In a first for Pakistani cinema, the climax scene of the film is a continuous 10 minute, one-take shot with no edits, spanning multiple rooms and multiple characters. In an interview, actress Aamina Sheikh who played Zareen, shared that experience That one-take scene was not only about the actors moving – it's about the lights, camera crew, location, frames and all the invisible figures. One-takes are not used in films often, worldwide, so this was quite an experience for us.

== Release and reception ==

===Promotions===
The film is the first ever Pakistani film which had its premiere at Leicester Square, London with national and international media covering the event. The cast of the film toured Bradford where they visited Radio Sangam, Odeon Cinema Leeds, Trafford Centre, Star City and various other places for film promotion.

===Home media===
The film was released on Netflix on 15 May 2019.

=== Critical reception ===
Cake released in Pakistan on 30 March 2018, with highly positive reviews from critics.

Areebah Shahid writing for Bolo Jawan praised the film's direction and the performances of the female protagonists, stating, "Cake stands tall among the films that Pakistan can rightly take pride in and showcase for a wider, international audience."

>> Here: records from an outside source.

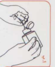
۲ یک کف دست را از محلول کمتر پر کنید.
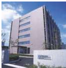
理化学研究所 神戸事業所
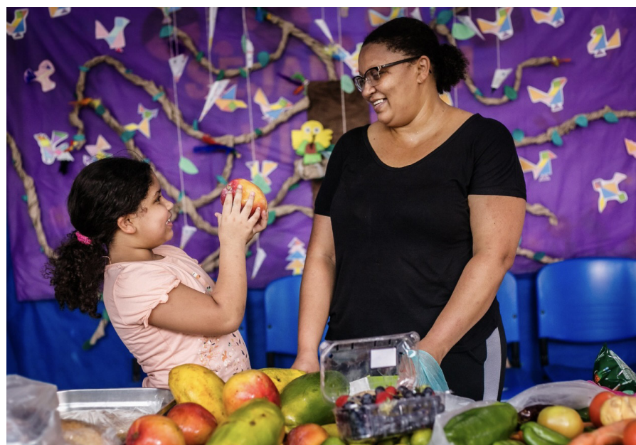
Une femme et sa fille de la nourriture provenant de The Global FoodBanking Network. (GNF)
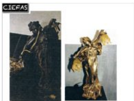
statuette cuivre : avant et après
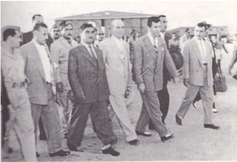
مهلا مستهفا بارزانی، ماموستا برابم ته حمده، فرۆكه خاندی به غدا، له كاتی گهڕانهوهیان له موسكۆ
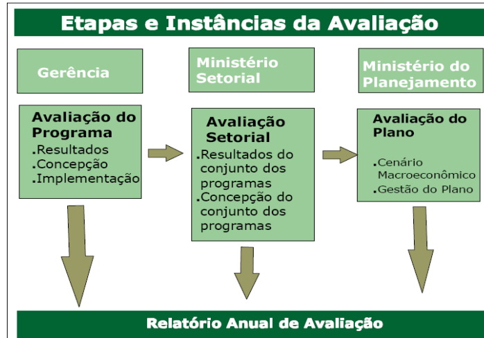
Figura 1 - Etapas e instâncias da Avaliação dos Programas e do PPA iv
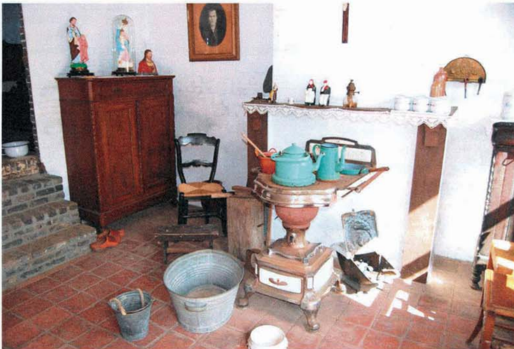
Arbeidershuisje bij de steenbakkerij

In de Sint Pieterskerk komen we de naam Herweijers tegen op een monument voor de gevallen uit de eerste wereldoorlog en in de kerk zelf vond in 1430 of eind 1429 de bekende 'Soending na dubbele manslag' plaats. Wat was het geval ?
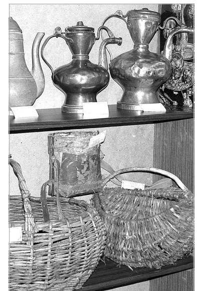
Все эти экспонаты принесли в музей жители Ембаево и Тураевой.

В Международный день музеев от души хочется пожелать сотрудникам музея поддержки и понимания, реализации намеченных планов и личных побед.
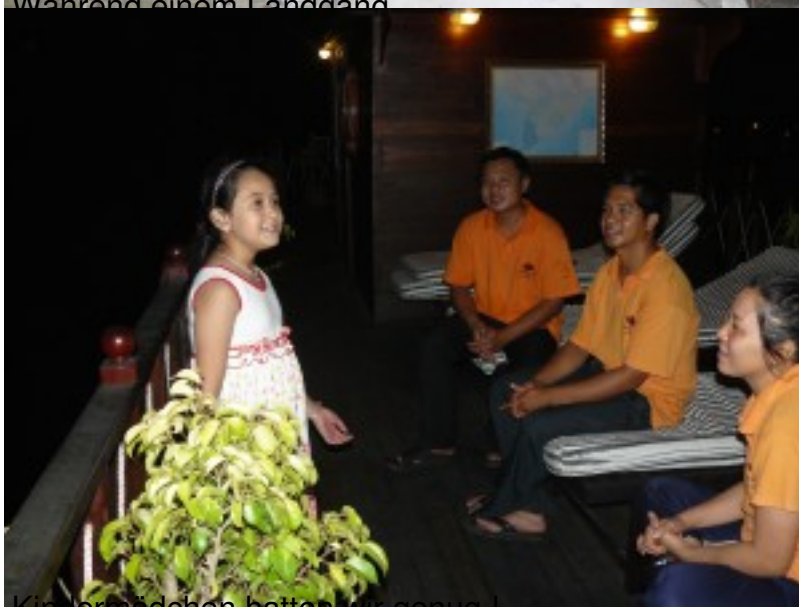
Kinder Mädchen hatten wir genuss
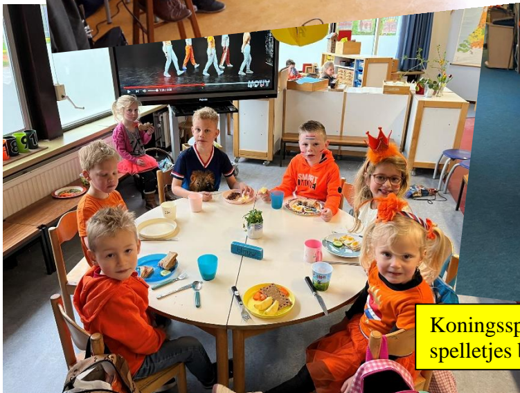
Koningsspelen met ontbijt in de klas en spelletjes binnen.
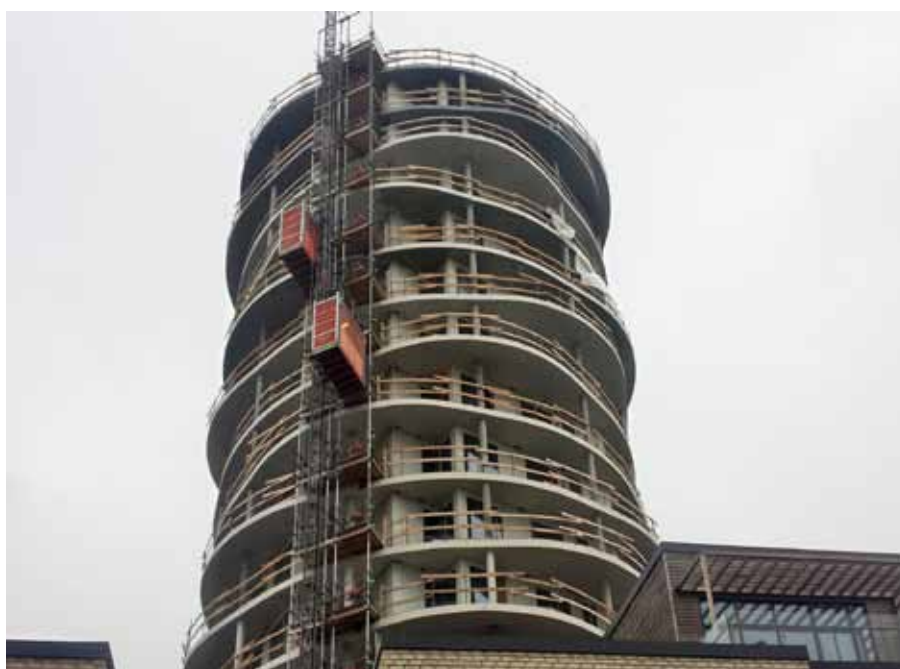
Malararbejdet på det store byggeri »Havneviggen« på Islands Brygge bliver nu kun udført af overenskomstdækket arbejdskraft.

»Vi er godt tilfredse med en fredelig afslutning på sagen, og at de fire polske malere nu er sikret løn- og ansættelsesvilkår, der følger overenskomsten«, udtaler fagforeningen.
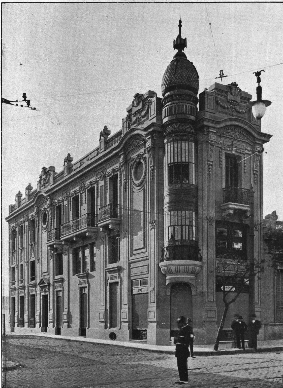
Casa de Renta — Calle Agraciada

Mike Cahill of The Guardian gave it 4 out of 5 stars. He praised Asim's debut: "Pakistani cinema has long struggled to match its Indian cousin’s commercial reach, but this impressive debut from Asim Abbasi feels like a sound bet, and even quietly revolutionary in places."

Shahjehan Saleem of Something Haute gave it 4.5 out of 5 stars: "Cake shines as a prime example of acting, cinematography, great music, and impeccable direction assimilating into perfection on the silver screen."

Turyal Azam Khan for The Diplomat wrote, "The strong response to the film in its home country has sent an important message to the filmmakers of Pakistan: it is okay to experiment, break barriers and test the audience. The formula is risky and might not always work, but art has no boundaries and that is what Cake displays."

Rahul Aijaz of The Express Tribune gave it 4.5/5 stars. "One slice just won't be enough"

== Accolades ==
The film was showcased at the London Asian Film Festival, now known as the UK Asian Film Festival where it won Best Director for Asim Abbasi.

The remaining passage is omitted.